Dataset records:
______________________________

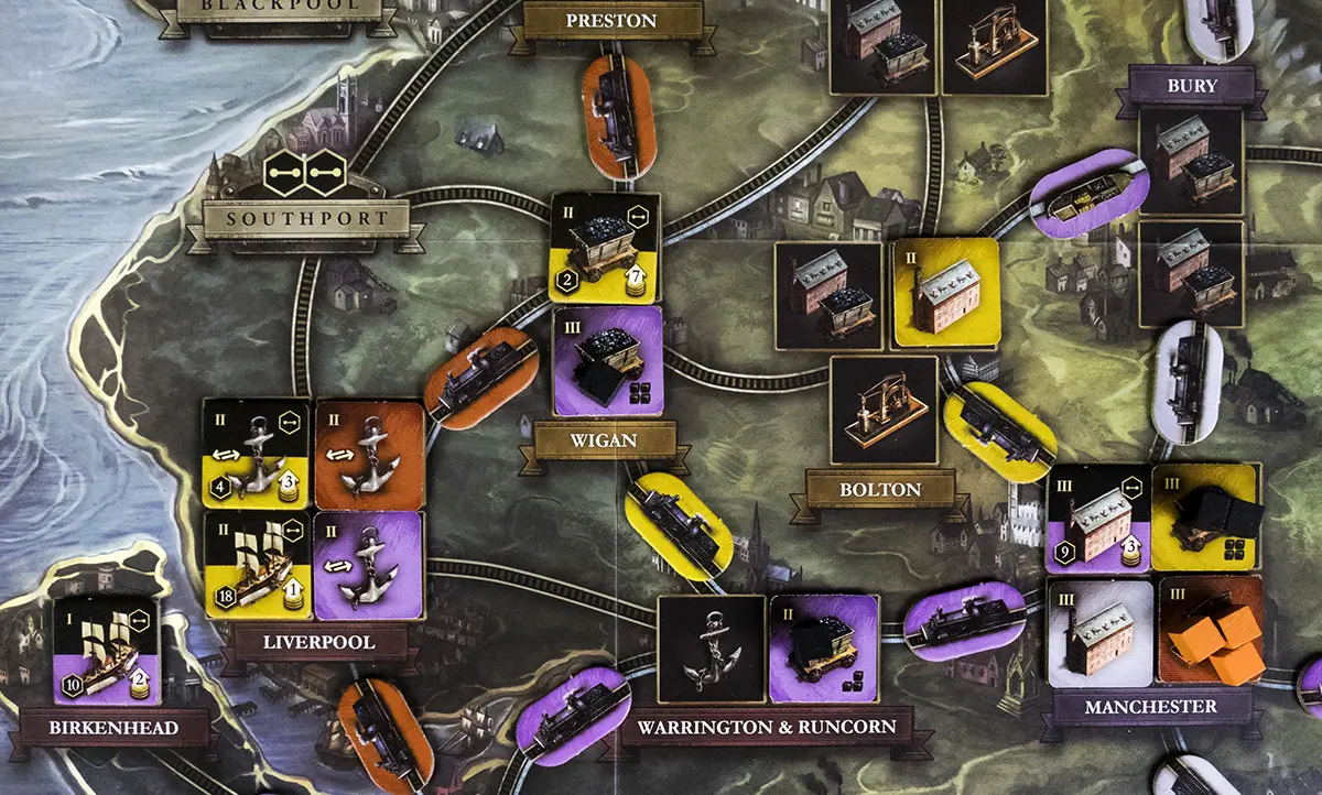 A lo largo de dos eras —Era de los Canales y Era del Ferrocarril— tu misión será conectar ciudades, producir recursos, vender al mercado y optimizar tu motor económico… todo mientras tus rivales intentan adelantarse con jugadas finas (y a veces despiadadas 😄).
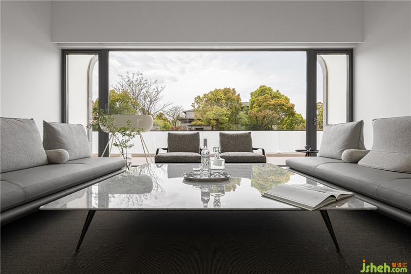 利用玻璃幕墙,将自然风景与室内空间组成一个有机的整体,让自然与空间相得益彰,形成室内的自然景观。抛却生活与工作的烦恼,回归本心,感悟生活、感悟自然。
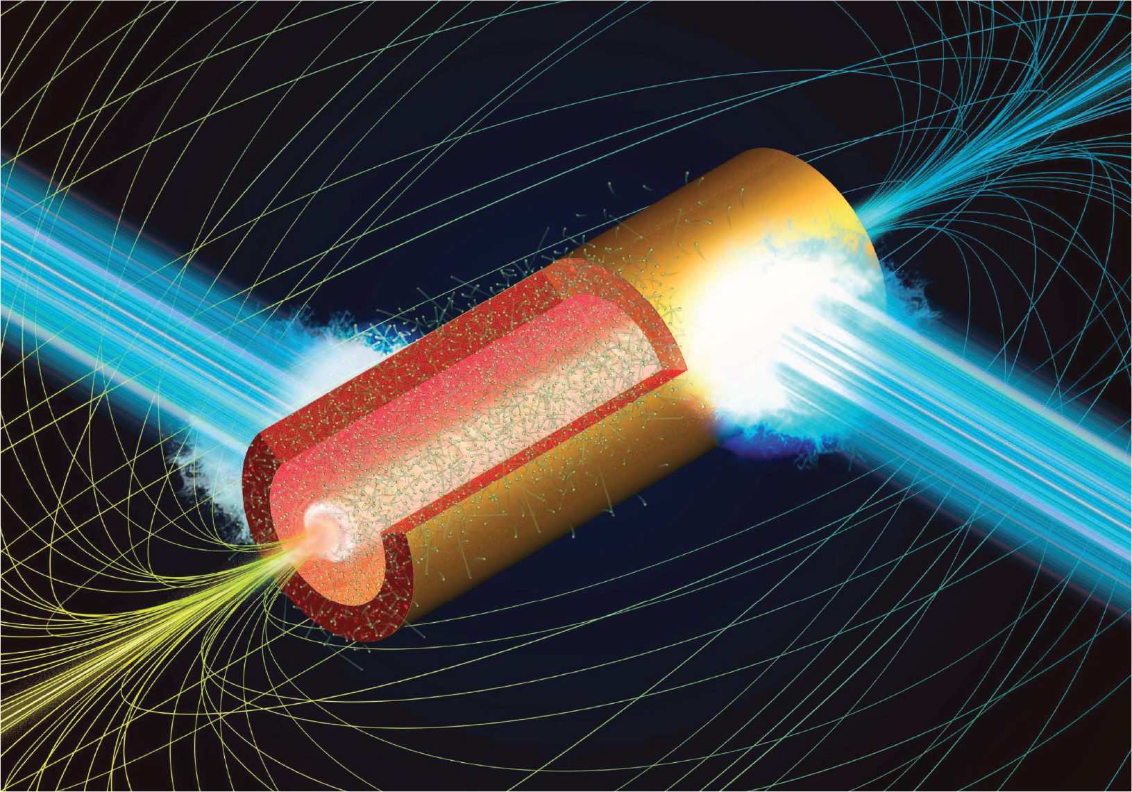 上图展示了由激光产生的具有兆级电子伏特能量的热电子和内壁表面的冷离子(向中心轴内爆)。
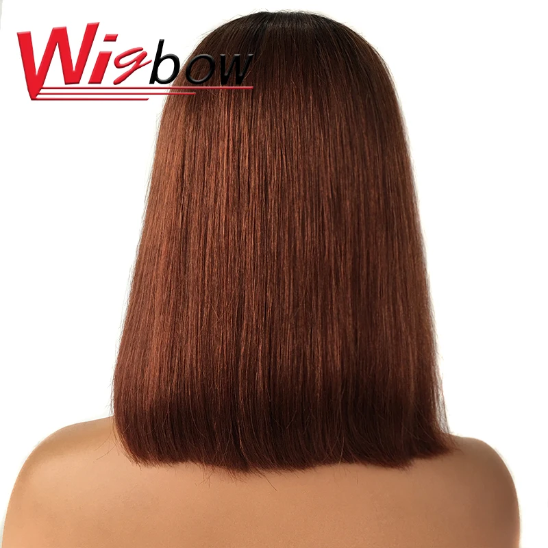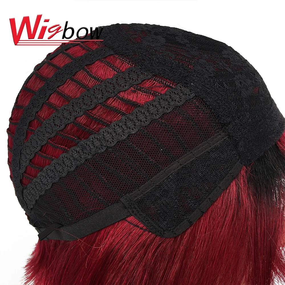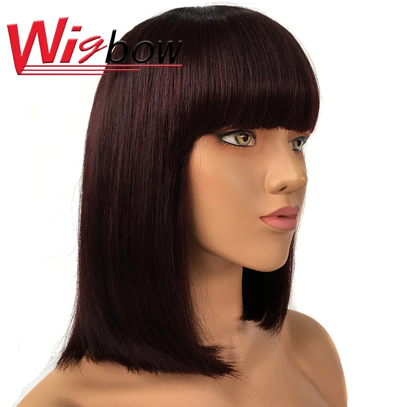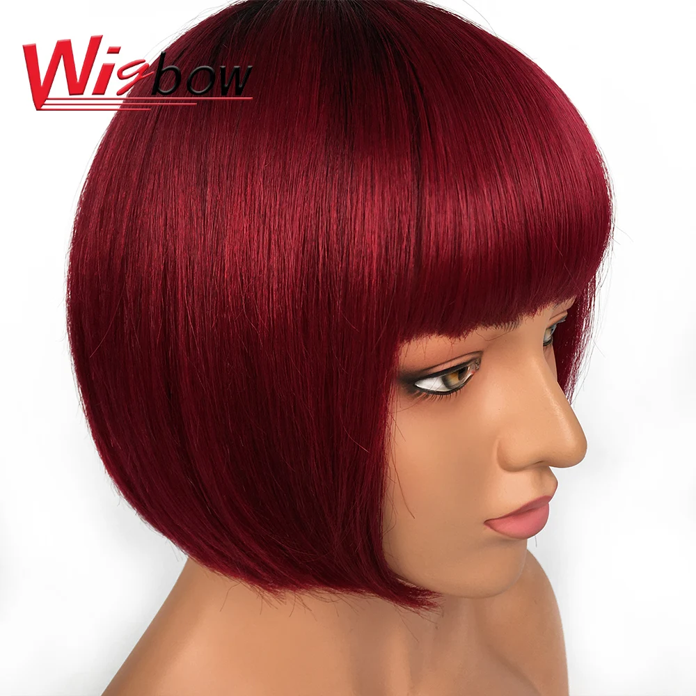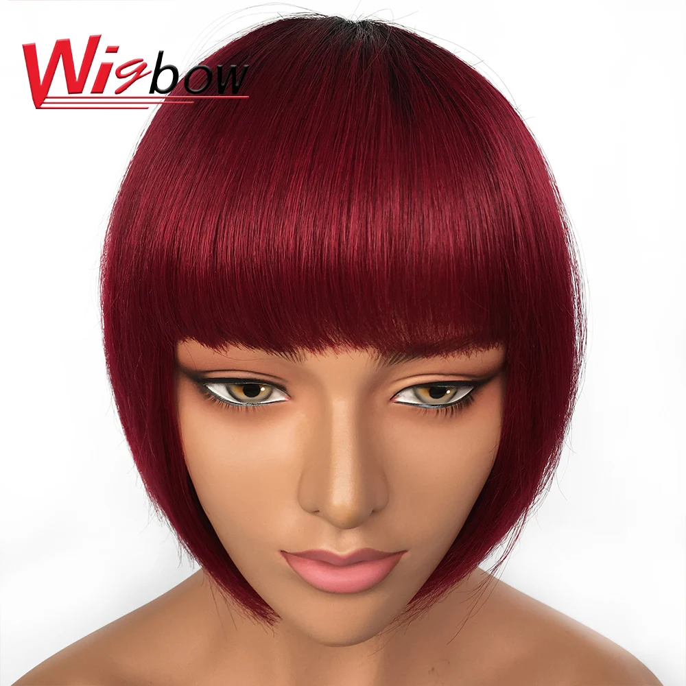 Парик из перуанских волос с Омбре, парики из красных светлых человеческих волос с челкой, прямые короткие человеческие волосы, парики для женщин, машинное изготовление
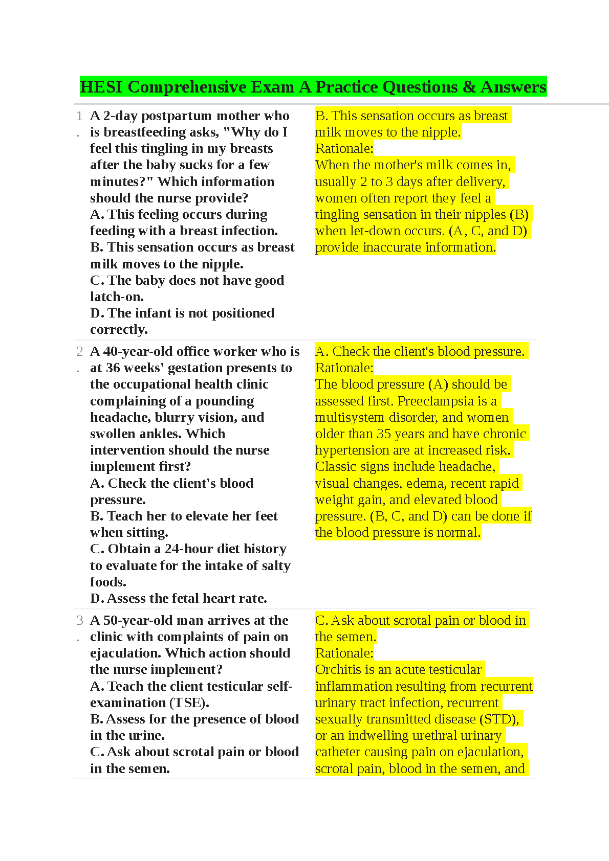 Ace your HESI Comprehensive Exam with confidence! This essential study guide for the 2025/2026 academic year provides a complete set of practice questions and detailed, expert-verified answers. Each question comes with a clear rationale, breaking down complex nursing concepts to ensure you understand the 'why' behind each answer. This resource is expertly designed to cover critical topics you'll face on the exam, helping you to identify knowledge gaps, build critical thinking skills, and guarantee success on your first attempt. Stop worrying about resits and start preparing effectively today!
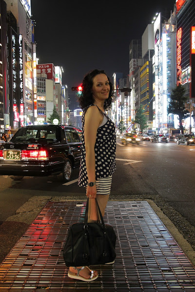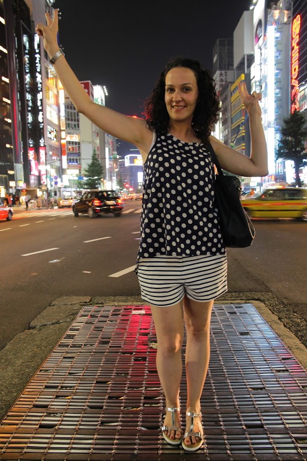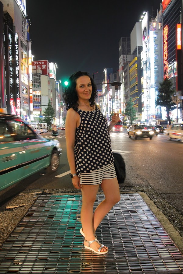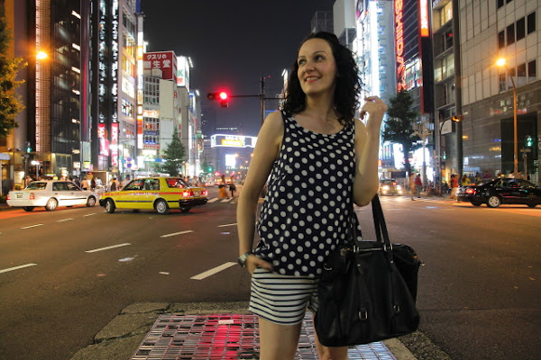 Nuevo post de mis vacaciones en Japón, esta vez desde Tokio, la ciudad de las luces de neón. Las fotos de hoy las hicimos en el barrio de Shinjuku, lugar donde nosotros teníamos el hotel. Actualmente Shinjuku es una de las zonas de ocio más de moda ya que por la noche tiene mucha vida gracias a la gran cantidad de bares y restaurantes que allí hay. Mi cara sin maquillaje deja notar el cansancio que traía después de todo un día de turismo, pero me gustan tanto que no os podía dejar sin enseñároslas. El look que llevo con top de lunares y shorts de rayas me encanta, reconozco que es un poco arriesgado pero a veces me gusta experimentar probando nuevos combos. Lo mejor del outfit las sandalias, cuando me las llevé no sabía si serían muy cómodas pero después de los kilómetros que hice con ellas les doy más que un sobresaliente. Espero que os gusten las fotos tanto como a mi.
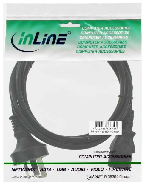 Καλώδιο τροφοδοσίας InLine Αυστραλία Αργεντινή - 3 Pin IEC C13 H05VV-F 3x0,75mm; Καλώδιο τροφοδοσίας 1,8 m της γερμανικής μάρκας InLine για σύνδεση ηλεκτρικών συσκευών με πρίζα IEC σε πρίζες Αυστραλίας ή Αργεντινής Τεχνικά στοιχεία: Μαύρο Μήκος: 1,8 m3 pin / IEC 60320 (C13){Χρώμα} Μαύρο. {Χρώμα} Μαύρο. {Μήκος καλωδίου [m]} 1,8 . {Μήκος καλωδίου [m]} 1,8
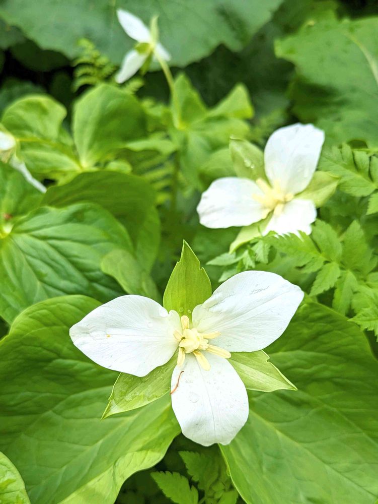 仕事終わりにワラビを採りに近くの山に行くと、道路脇に沢山のオオバナノエンレイソウが咲いていました🤍

______________________________

Exercise aim: All lines above from the one containing "上图展示了由激光产生的具有兆" up to and including the one containing "Ace your HESI" are to be set down exactly, and nothing else. Leave images out.

Response to the task:
 上图展示了由激光产生的具有兆级电子伏特能量的热电子和内壁表面的冷离子(向中心轴内爆)。
 Парик из перуанских волос с Омбре, парики из красных светлых человеческих волос с челкой, прямые короткие человеческие волосы, парики для женщин, машинное изготовление
 Ace your HESI Comprehensive Exam with confidence! This essential study guide for the 2025/2026 academic year provides a complete set of practice questions and detailed, expert-verified answers. Each question comes with a clear rationale, breaking down complex nursing concepts to ensure you understand the 'why' behind each answer. This resource is expertly designed to cover critical topics you'll face on the exam, helping you to identify knowledge gaps, build critical thinking skills, and guarantee success on your first attempt. Stop worrying about resits and start preparing effectively today!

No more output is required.